"""

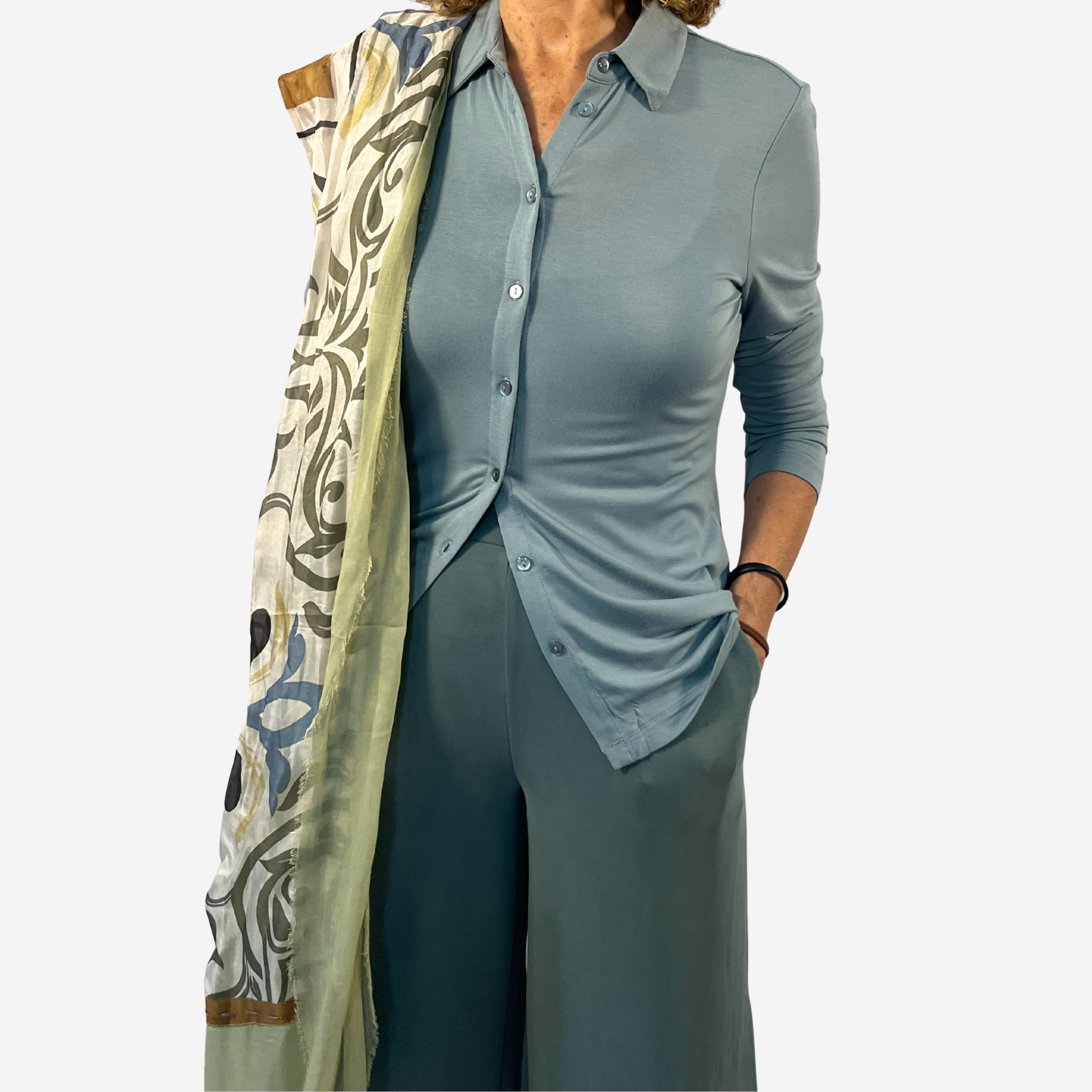 Camisa de bambú azul celeste
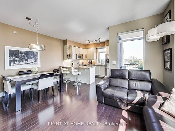 Many Builder Upgrade$ + 2 parking (rent a spot or sell it). This upgraded 2-Bed Corner suite has a Stunning Kitchen! The unit includes 1 locker, a linen/storage closet, in-suite laundry, and many upgrades. The lighting and the light switches have been upgraded to Legrand plus, high-end stainless steel appliances including a fridge with water dispenser, counter-depth stove, a spotless oven, Bosch dishwasher, and microwave. The modern kitchen is enhanced with granite countertops, a breakfast island, undermount sink with upgraded faucet, extended cabinetry with a built-in wine rack, and valence lighting. Additional features include a TV bracket, custom zebra blinds in every room... all included
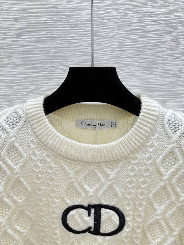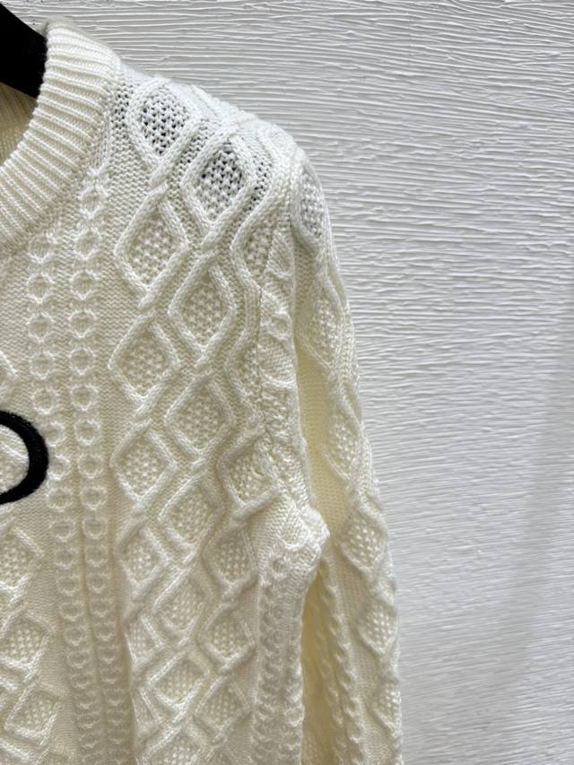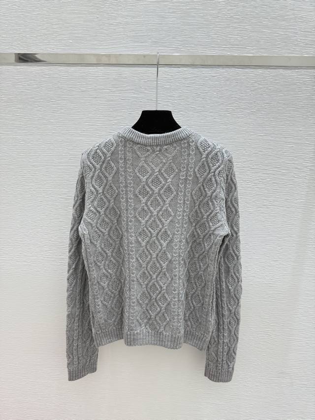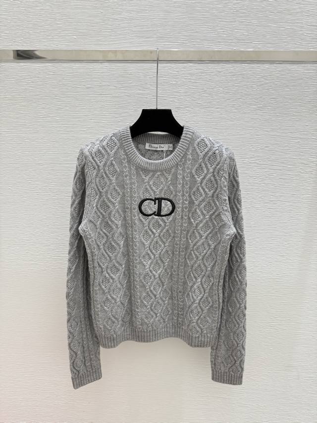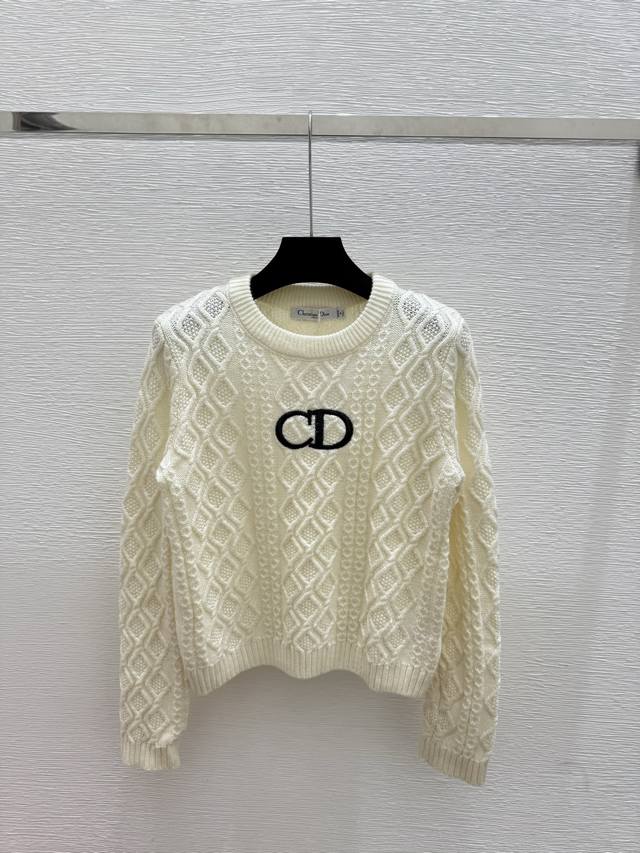 D's early autumn new style solid color three-dimensional pattern round neck knit
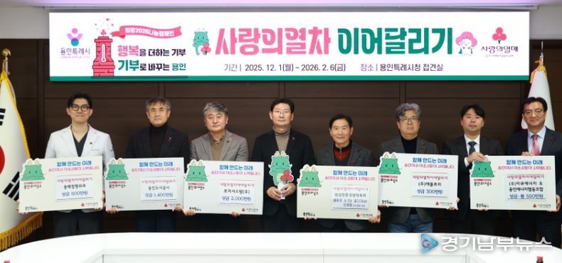 [경기남부뉴스 김혜숙 기자] 용인특례시는 19일 지역 내 기업·단체가 ‘사랑의 열차 이어달리기’에 동참하며 나눔 문화가 확산하고 있다고 밝혔다.
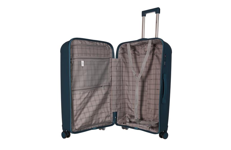 Koferi kombinuju moderan dizajn i vrhunsku funkcionalnost, izrađeni su od izuzetno izdržljivog, ali laganog polipropilena koji pruža pouzdanu zaštitu i otpornost na udarce tokom putovanja. Zahvaljujući ojačanoj aluminijumskoj teleskopskoj ručki, upravljanje koferom je stabilno i jednostavno, dok četiri dupla točkića sa rotacijom od 360° omogućavaju lako i glatko kretanje u svim pravcima. Unutrašnjost je obložena mekom postavom u sivoj boji, koja unosi dozu elegancije, štiti sadržaj i olakšava organizaciju. Dodatni nivo sigurnosti obezbeđuju glavni rajsferšlus sa zaštitom od krađe i brava, idealna za sigurnu kontrolu prtljaga na međunarodnim aerodromima.
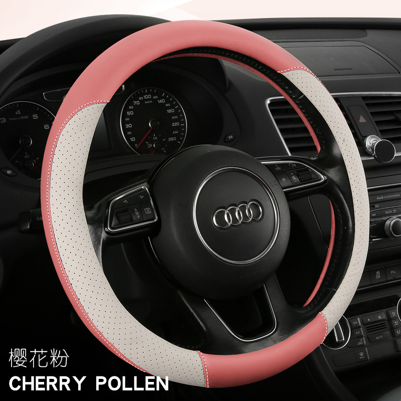 맞춤형 마카롱 자동차 핸들 커버, 편안한 나파 가죽 자동차 핸들 커버, 통기성, 미끄럼 방지, 사계절 사용 가능
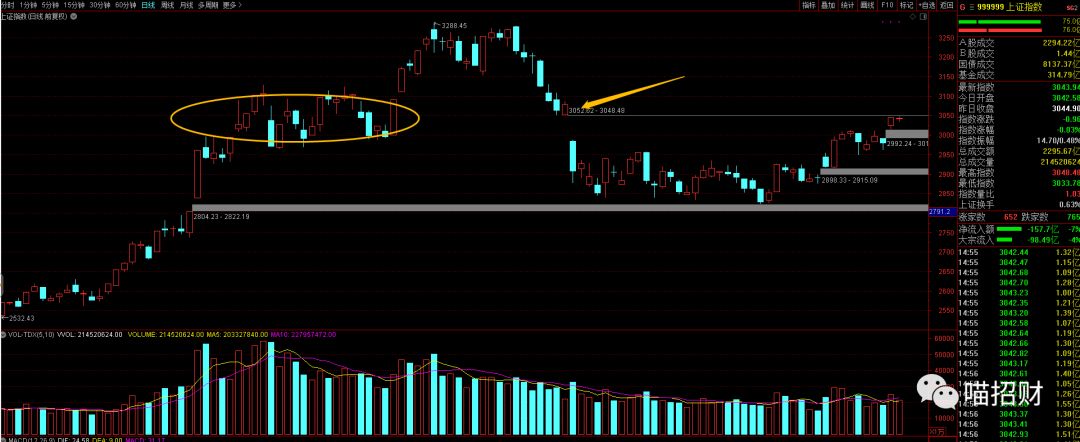 指数全天维持了窄幅震荡的格局,5月份留下的缺口又得到了一定的回补。市场在3000点上方还是有所忌惮的,没有一蹴而就的能力。昨天上证50的反弹,使得50指数已经接近4月份的前高,这里的压力显而易见,资金在中报没有明确全面超预期的背景下,还是挺难直接突破的。所以昨天情绪方面的宣泄之后,缺口回补之际,市场陆续会回到自己的轨道中,逐渐关注即将到来的中报季。
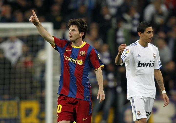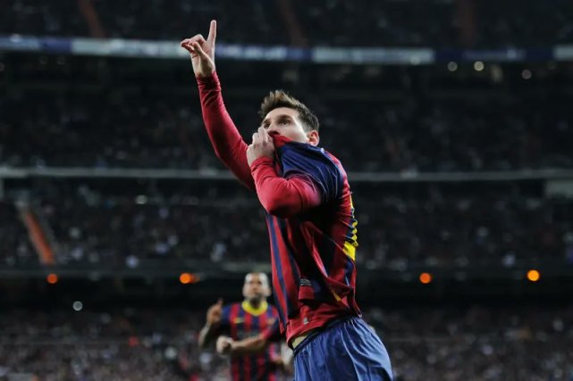 2014年3月23日,伯纳乌球场,巴萨4-3逆转皇马,梅西一传三射,超越传奇迪斯蒂法诺独享国家德比射手王美誉。

"""

*What the task asks*. Reproduce all of the entries exactly as they appear, though any picture they include must be omitted.

*Expected answer*.
 Camisa de bambú azul celeste
 Many Builder Upgrade$ + 2 parking (rent a spot or sell it). This upgraded 2-Bed Corner suite has a Stunning Kitchen! The unit includes 1 locker, a linen/storage closet, in-suite laundry, and many upgrades. The lighting and the light switches have been upgraded to Legrand plus, high-end stainless steel appliances including a fridge with water dispenser, counter-depth stove, a spotless oven, Bosch dishwasher, and microwave. The modern kitchen is enhanced with granite countertops, a breakfast island, undermount sink with upgraded faucet, extended cabinetry with a built-in wine rack, and valence lighting. Additional features include a TV bracket, custom zebra blinds in every room... all included
 D's early autumn new style solid color three-dimensional pattern round neck knit
 [경기남부뉴스 김혜숙 기자] 용인특례시는 19일 지역 내 기업·단체가 ‘사랑의 열차 이어달리기’에 동참하며 나눔 문화가 확산하고 있다고 밝혔다.
 Koferi kombinuju moderan dizajn i vrhunsku funkcionalnost, izrađeni su od izuzetno izdržljivog, ali laganog polipropilena koji pruža pouzdanu zaštitu i otpornost na udarce tokom putovanja. Zahvaljujući ojačanoj aluminijumskoj teleskopskoj ručki, upravljanje koferom je stabilno i jednostavno, dok četiri dupla točkića sa rotacijom od 360° omogućavaju lako i glatko kretanje u svim pravcima. Unutrašnjost je obložena mekom postavom u sivoj boji, koja unosi dozu elegancije, štiti sadržaj i olakšava organizaciju. Dodatni nivo sigurnosti obezbeđuju glavni rajsferšlus sa zaštitom od krađe i brava, idealna za sigurnu kontrolu prtljaga na međunarodnim aerodromima.
 맞춤형 마카롱 자동차 핸들 커버, 편안한 나파 가죽 자동차 핸들 커버, 통기성, 미끄럼 방지, 사계절 사용 가능
 指数全天维持了窄幅震荡的格局,5月份留下的缺口又得到了一定的回补。市场在3000点上方还是有所忌惮的,没有一蹴而就的能力。昨天上证50的反弹,使得50指数已经接近4月份的前高,这里的压力显而易见,资金在中报没有明确全面超预期的背景下,还是挺难直接突破的。所以昨天情绪方面的宣泄之后,缺口回补之际,市场陆续会回到自己的轨道中,逐渐关注即将到来的中报季。
 2014年3月23日,伯纳乌球场,巴萨4-3逆转皇马,梅西一传三射,超越传奇迪斯蒂法诺独享国家德比射手王美誉。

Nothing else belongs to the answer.